RetriesLimitReachedException: Item Operation AppendToStreamOperation

Tomas_Jansson · April 4, 2016, 10:28am

We are seeing this sometimes when we write to event store. It looks like the event(s) has been written to event store, so I don’t understand why are experiencing this.

The complete message is:

EventStore.ClientAPI.Exceptions.RetriesLimitReachedException: Item Operation AppendToStreamOperation (b33c645b-b436-4c72-83b6-fc319a5a9312): Stream: FT-Konsesjon-026dd87a-0d7d-4ac0-a9fd-6207b8bacc0d, ExpectedVersion: -2, retry count: 10, created: 08:20:55.872, last updated: 08:21:27.088 reached retries limit : 10

Any ideas?

Greg_Young1 · April 4, 2016, 10:29am

It means it retried 10 times without getting an explicit "write events
succeeded" message back. This can happen due to timeouts/dropped
connections/etc etc. The write may or may not have succeeded (it may
just be it got a timeout instead of a result)

Tomas_Jansson · April 4, 2016, 10:41am

Thanks. That basically what I expected. We have to run over a SAN that has some issues with it, so that is probably what causing it.
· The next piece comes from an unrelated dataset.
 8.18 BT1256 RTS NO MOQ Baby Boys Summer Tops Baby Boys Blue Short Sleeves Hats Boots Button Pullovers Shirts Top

We are seeing some "—!!! VERY SLOW QUEUE MSG " and "SLOW QUEUE MSG ", that’s probably a good indication that timeout is the problem I guess.

–Tomas

Greg_Young1 · April 4, 2016, 11:00am

What is the

-!!! VERY SLOW QUEUE MSG

?

Also what environment is this?

Greg

Tomas_Jansson · April 4, 2016, 11:57am

This is actually our prod environment, and the message is from the log file to event store.
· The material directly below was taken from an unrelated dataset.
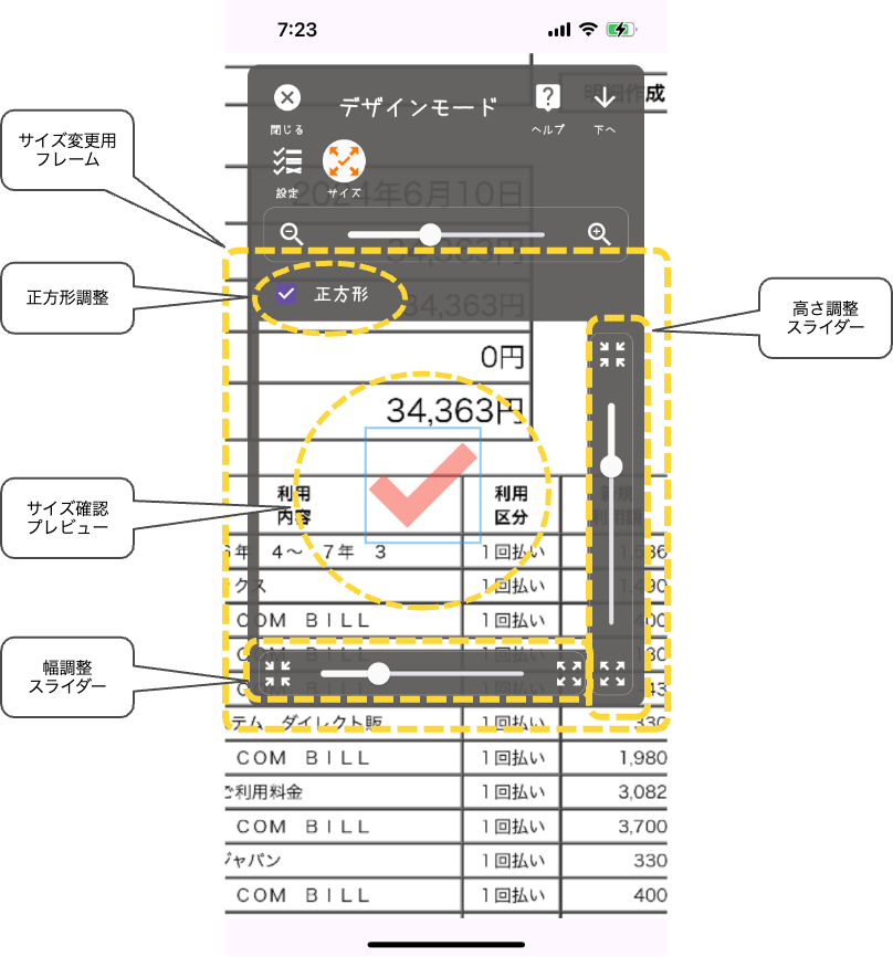 「サイズ変更フレーム」には、「サイズ確認プレビュー」、「高さ調整スライダー」、「幅調整スライダー」、「正方形調整」が含まれます。

Greg_Young1 · April 4, 2016, 12:04pm

I mean what is the actual log message and what does the environment
look like? Is it networked disk etc?

Tomas_Jansson · April 4, 2016, 12:14pm

Yes.

It is a network disk. That’s what we get at our customer. There were a couple of slow queue messages at the same time:

[PID:02516:009 2016.04.04 08:21:14.469 TRACE QueuedHandlerMRES ] SLOW QUEUE MSG [StorageWriterQueue]: WritePrepares - 36083ms. Q: 0/8.

[PID:02516:009 2016.04.04 08:21:14.469 ERROR QueuedHandlerMRES ] —!!! VERY SLOW QUEUE MSG [StorageWriterQueue]: WritePrepares - 36083ms. Q: 0/8.

[PID:02516:009 2016.04.04 08:21:48.781 TRACE QueuedHandlerMRES ] SLOW QUEUE MSG [StorageWriterQueue]: WritePrepares - 34309ms. Q: 0/5.

[PID:02516:009 2016.04.04 08:21:48.781 ERROR QueuedHandlerMRES ] —!!! VERY SLOW QUEUE MSG [StorageWriterQueue]: WritePrepares - 34309ms. Q: 0/5.

[PID:02516:009 2016.04.04 08:21:50.847 TRACE QueuedHandlerMRES ] SLOW QUEUE MSG [StorageWriterQueue]: WritePrepares - 2066ms. Q: 0/4.

[PID:02516:015 2016.04.04 08:21:51.439 INFO CoreProjectionCheckp] Failed to write events to stream $ce-FT. Error: CommitTimeout

[PID:02516:015 2016.04.04 08:21:51.439 INFO CoreProjectionCheckp] Retrying write to $ce-FT

[PID:02516:013 2016.04.04 08:21:51.439 INFO CoreProjectionCheckp] Failed to write events to stream $et-EndretKonsesjonKlasse. Error: CommitTimeout

[PID:02516:013 2016.04.04 08:21:51.439 INFO CoreProjectionCheckp] Retrying write to $et-EndretKonsesjonKlasse

It looked good in the end though, in event store that is.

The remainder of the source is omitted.